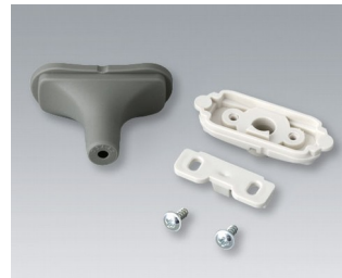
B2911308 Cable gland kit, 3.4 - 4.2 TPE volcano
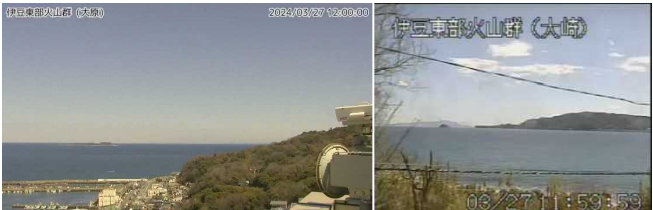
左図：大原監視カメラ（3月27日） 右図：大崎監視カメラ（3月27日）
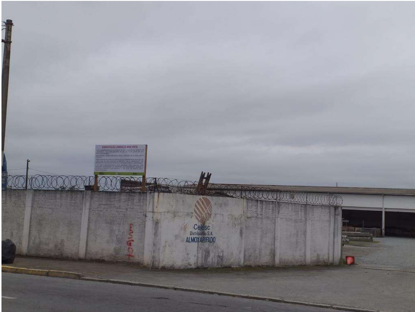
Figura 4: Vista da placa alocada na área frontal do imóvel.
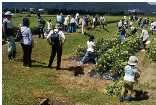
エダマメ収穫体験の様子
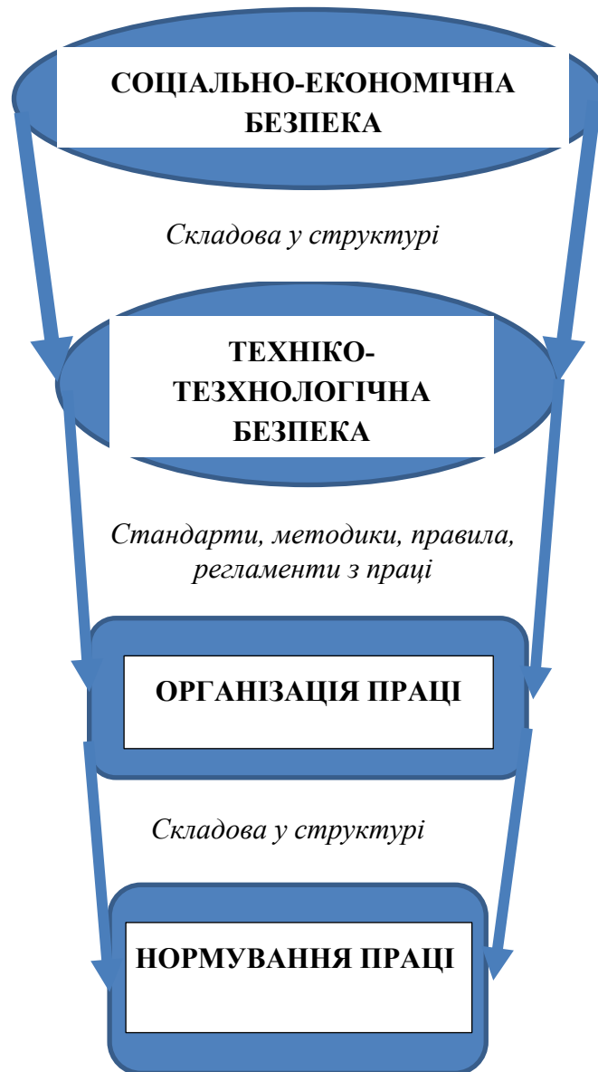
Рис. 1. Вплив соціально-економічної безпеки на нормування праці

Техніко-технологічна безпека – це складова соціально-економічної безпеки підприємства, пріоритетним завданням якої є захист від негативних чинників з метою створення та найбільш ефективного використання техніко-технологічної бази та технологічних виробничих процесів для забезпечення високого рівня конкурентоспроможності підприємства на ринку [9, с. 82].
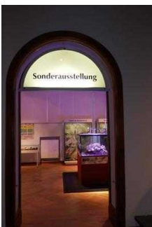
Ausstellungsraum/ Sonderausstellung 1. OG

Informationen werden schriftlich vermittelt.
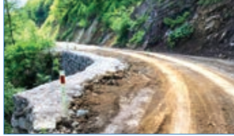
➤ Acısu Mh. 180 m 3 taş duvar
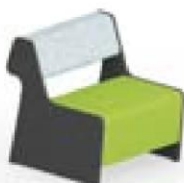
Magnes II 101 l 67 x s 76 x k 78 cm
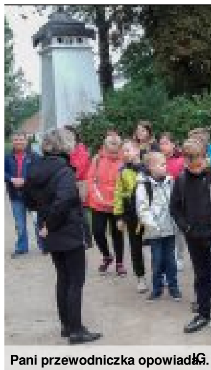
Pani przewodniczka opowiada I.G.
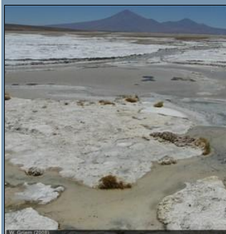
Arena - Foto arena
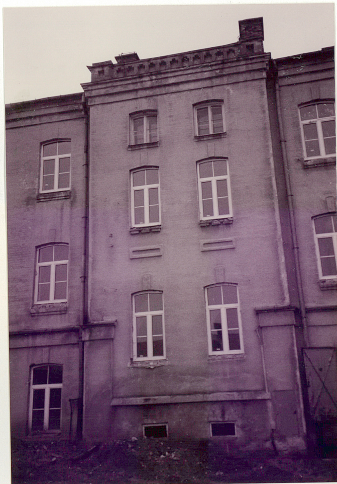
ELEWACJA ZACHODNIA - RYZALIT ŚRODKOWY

• [Task directions]
When a line in the material contains the string "соціально", copy that line.

• [Your solution]
Рис. 1. Вплив соціально-економічної безпеки на нормування праці
Техніко-технологічна безпека – це складова соціально-економічної безпеки підприємства, пріоритетним завданням якої є захист від негативних чинників з метою створення та найбільш ефективного використання техніко-технологічної бази та технологічних виробничих процесів для забезпечення високого рівня конкурентоспроможності підприємства на ринку [9, с. 82].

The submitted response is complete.